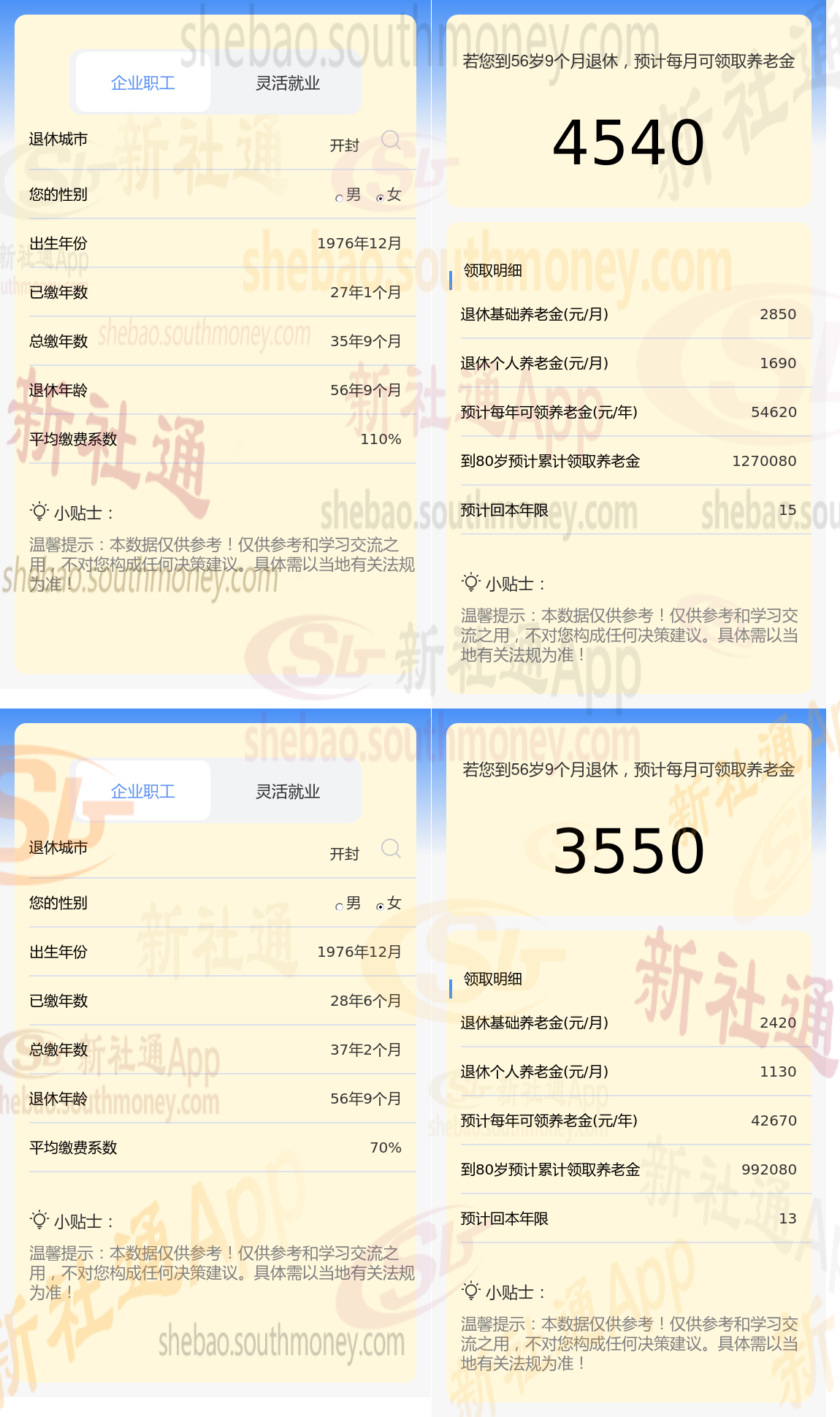 根据新社通app养老金计算器,轻松测算您的养老金!经过计算发现,希某与老韩的在养老金上的差异,主要是由于他们的缴费年限和缴费档位不同所导致的。具体来说,两者的养老金差额达到了990元,即希某的4540元减去老韩的3550元。
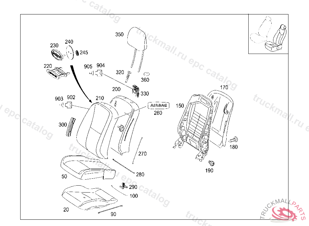 PAD FRONT SEAT BACKREST , A 26557620081001809 L 00540020090531, Replaced By: A2219103704
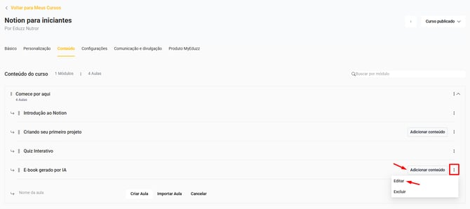 4. Clique no ícone três pontos e selecione a opção "Editar" ou clique no botão "Adicionar conteúdo" da aula:
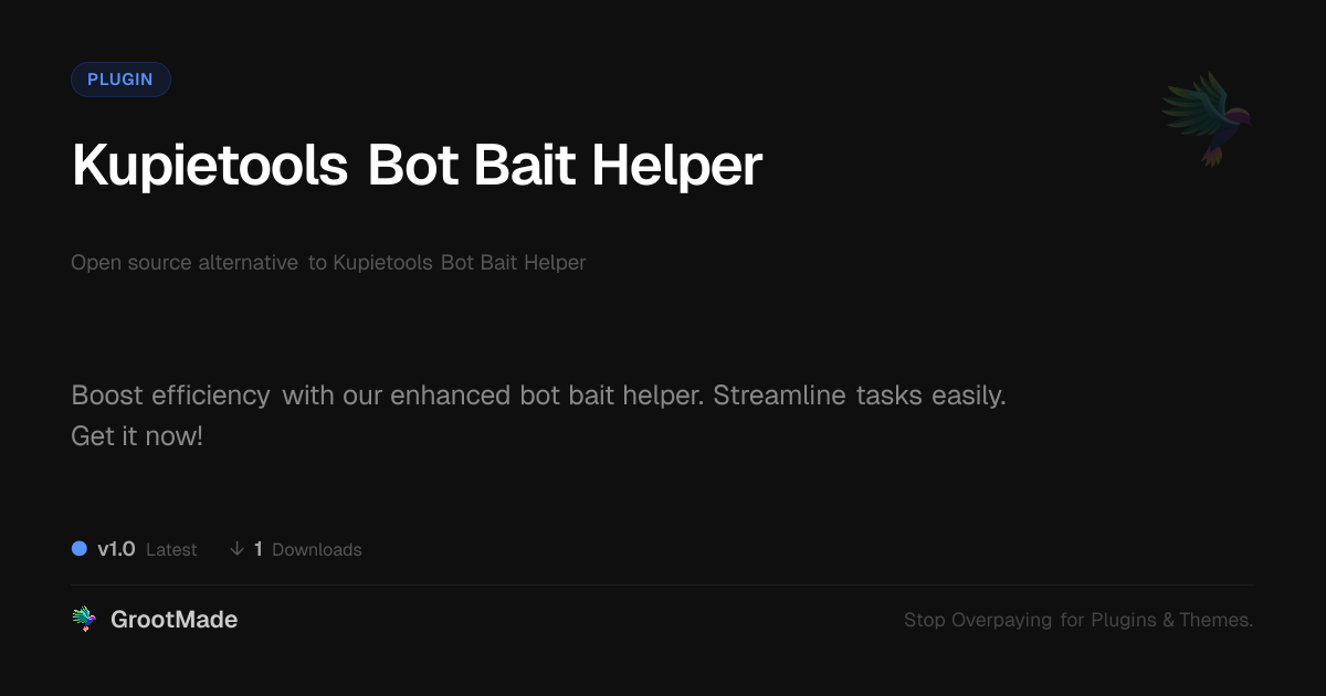 GrootMade is not affiliated with Kupietools Bot Bait Helper and provides an open-source alternative.

• Work order: Transcribe the listing above in full and exactly; no pictures belong in the copy.

• Answer area:
 根据新社通app养老金计算器,轻松测算您的养老金!经过计算发现,希某与老韩的在养老金上的差异,主要是由于他们的缴费年限和缴费档位不同所导致的。具体来说,两者的养老金差额达到了990元,即希某的4540元减去老韩的3550元。
 PAD FRONT SEAT BACKREST , A 26557620081001809 L 00540020090531, Replaced By: A2219103704
 4. Clique no ícone três pontos e selecione a opção "Editar" ou clique no botão "Adicionar conteúdo" da aula:
 GrootMade is not affiliated with Kupietools Bot Bait Helper and provides an open-source alternative.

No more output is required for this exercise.